No one has ever "identified" the female remains specifically as such is in fact impossible. As stated, all that can be shown is that the female has a 100% sibling relationship to the male, and both have 100% parental relationship to Nicholas and Alexandra. All children are accounted for, but to specifically identify Anastasia and Maria to one set of remains or the other is simply not possible.
This is contradicted by the insistence of the Russians that Maria's remains were missing from the mass grave and by the insistence of the Americans that it was Anastasia's remains that were missing. Apparently both groups of scientists believed that they could conclusively identify the skeletal remains.
Chapters 18-20 of FOTR extensively discuss the unearthing, examination, and identification of the remains. According to K&W, Falsetti and France immediately recognized that the remains designated by the Russians as Anastasia's (based solely on the imperfect technique of photographic superimposition) in fact belonged to an older female, based on the following factors (quoted from p. 455, FOTR):
1) height (later photographs clearly show that Anastasia was shorter than her sisters)

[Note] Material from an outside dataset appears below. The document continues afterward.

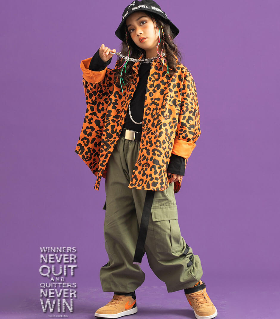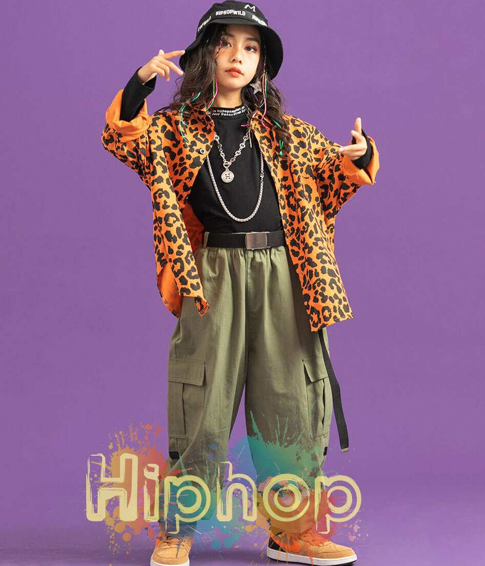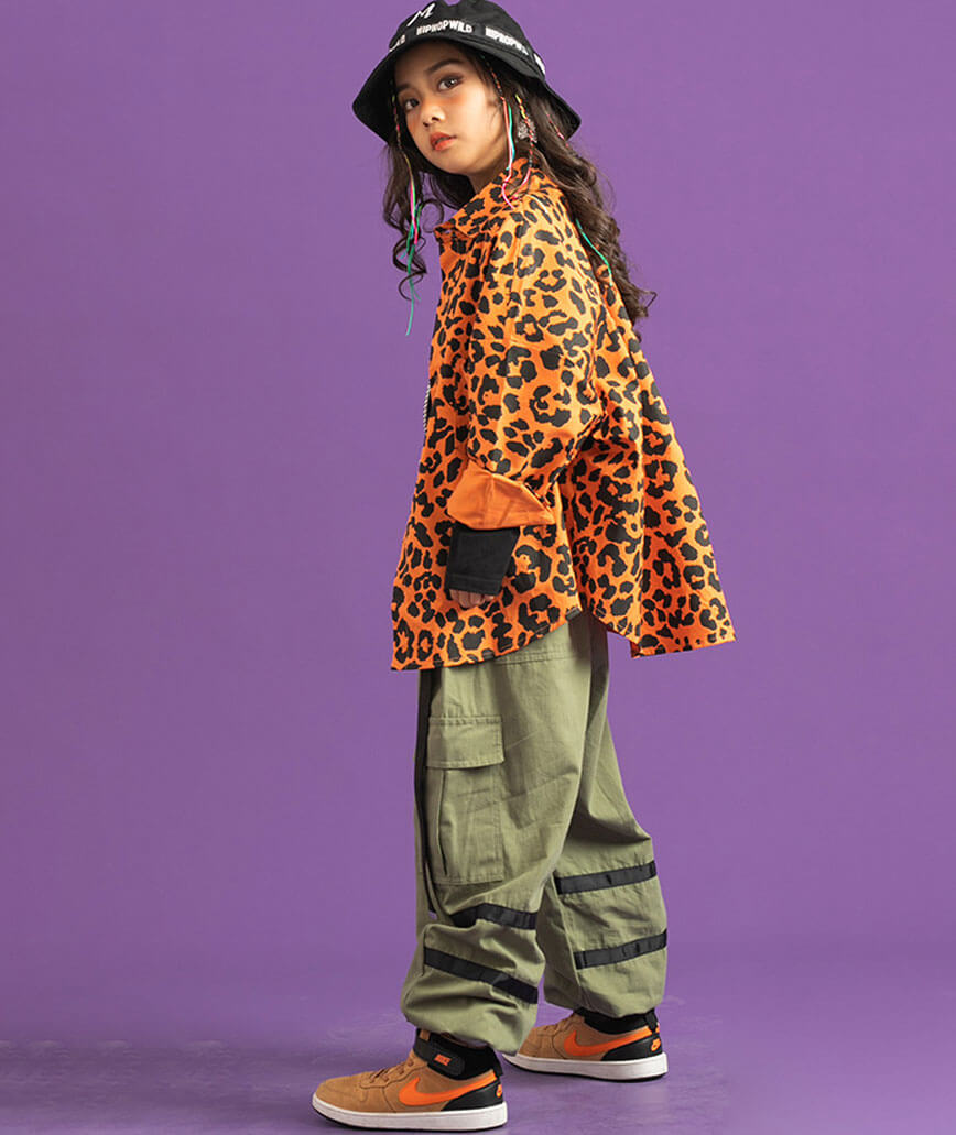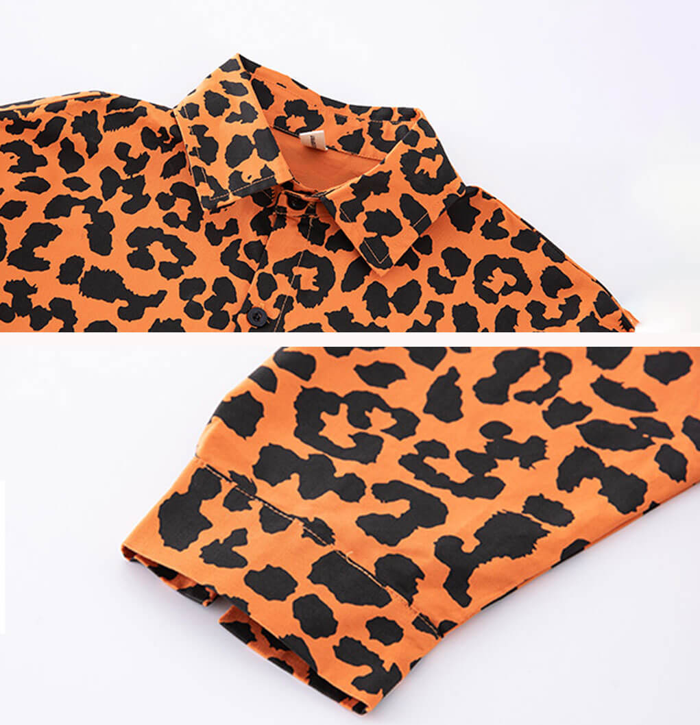 【トップス】キッズダンス衣装トップス単品 長袖シャツ ユニセックス ヒョウ柄 オレンジ 柄物 前開きシャツ 【t-44】

2) lack of signs of immaturity in the vertebrae and bones
3) age and development of the pelvic rim
4) age and development of the clavicles
5) age and development of the dental roots
After measuring these parameters in each skeleton, the Americans established that the remains of Maria (skeleton #5), Tatiana (#6), and Olga (#3) were all present in the mass grave because the bones displayed a clear developmental progression from 19 years to 21 years to 22 years of age. This confirmed Maples' conclusions from an earlier examination.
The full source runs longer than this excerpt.